• Available data:
--
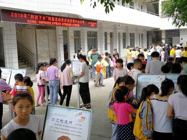 5月15日,河源市科技馆工作人员携科普展品走进连平县油溪镇中心小学,开展“科技下乡”活动。
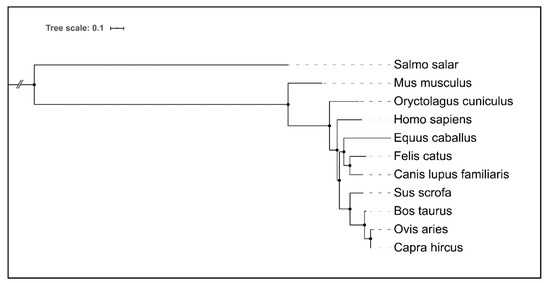 Hierarchical clustering of amino acid sequences comprising Dectin-1 (Clec7a) CTLs of selected animal species, and humans. For the Atlantic salmon (Salmo salar), missing a corresponding ortholog Dectin-1 encoding gene, a functional ortholog C-type lectin receptor C was chosen. Remarkably, the degree of similarity in the Dectin-1 amino acid sequences mirrors the phylogenetic relationships between the respective species. Visualization and clustering were performed with NGPhylogeny.fr suite [62].
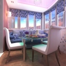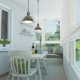 - Loggia-menjador. Aquesta opció és òptima per a habitacions no aïllades, si tots els esforços del propietari del local es van concentrar només en el vidre de l’espai i la seva decoració decorativa. En aquest cas, els mobles de menjador es treuen a la loggia: una taula amb cadires. Si es vol, com a taula, es pot utilitzar l’ampit de la finestra interior, decorat al voltant del perímetre. Les cadires altes aniran bé, el resultat és molt elegant i espectacular. Però aquesta és només una opció d’estiu.
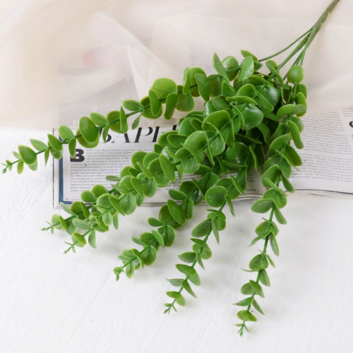 Прекрасный декоративный букет из эвкалипта, выполненный из пластика. Идеально подойдет для украшения вашего интерьера, добавив свежести и стиля. Универсальный элемент декора, который сохранит свежесть и обаяние на протяжении длительного времени. Высота 32 см, цвет - МИКС.
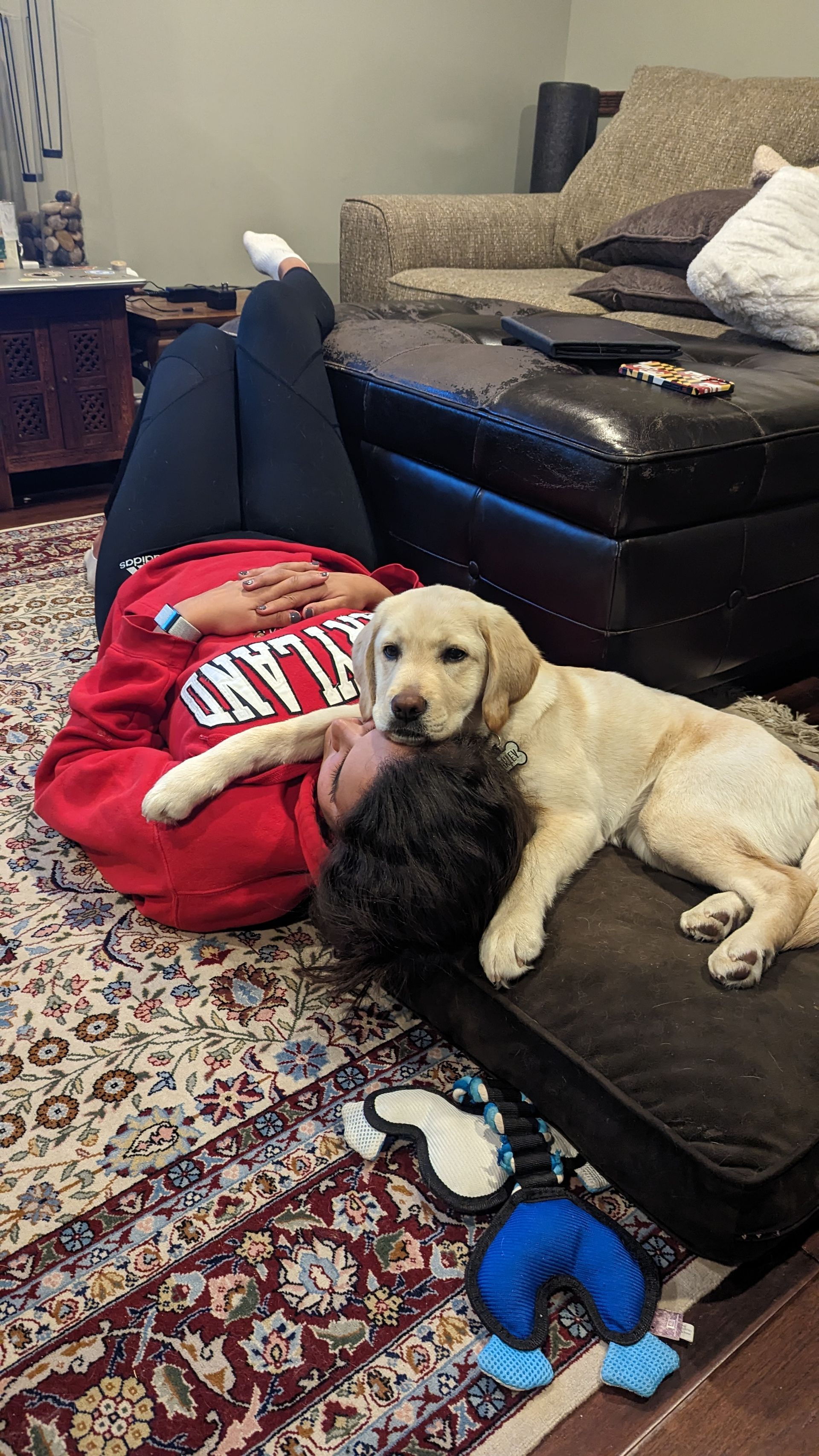 On January 24 (3 months post-surgery) I got cleared to finally take the brace off and start doing more flexibility and strengthening in therapy. I was also able to start putting and chipping, as long as there was no rotation on my knees. My parents helped me by set up a putting green in the basement where I could start working on my putting stroke. After three months of not touching a club, it felt really good to start again. During this time we also got a new puppy, a yellow lab named Oakley. It was really nice having her around the house, she was my therapy dog both mentally and physically!
--
• Task statement:
Give back exactly the run of lines that opens the material above and ends at the line with "- Loggia-menjador. Aquesta". Omit the pictures.

• Your response:
 5月15日,河源市科技馆工作人员携科普展品走进连平县油溪镇中心小学,开展“科技下乡”活动。
 Hierarchical clustering of amino acid sequences comprising Dectin-1 (Clec7a) CTLs of selected animal species, and humans. For the Atlantic salmon (Salmo salar), missing a corresponding ortholog Dectin-1 encoding gene, a functional ortholog C-type lectin receptor C was chosen. Remarkably, the degree of similarity in the Dectin-1 amino acid sequences mirrors the phylogenetic relationships between the respective species. Visualization and clustering were performed with NGPhylogeny.fr suite [62].
 - Loggia-menjador. Aquesta opció és òptima per a habitacions no aïllades, si tots els esforços del propietari del local es van concentrar només en el vidre de l’espai i la seva decoració decorativa. En aquest cas, els mobles de menjador es treuen a la loggia: una taula amb cadires. Si es vol, com a taula, es pot utilitzar l’ampit de la finestra interior, decorat al voltant del perímetre. Les cadires altes aniran bé, el resultat és molt elegant i espectacular. Però aquesta és només una opció d’estiu.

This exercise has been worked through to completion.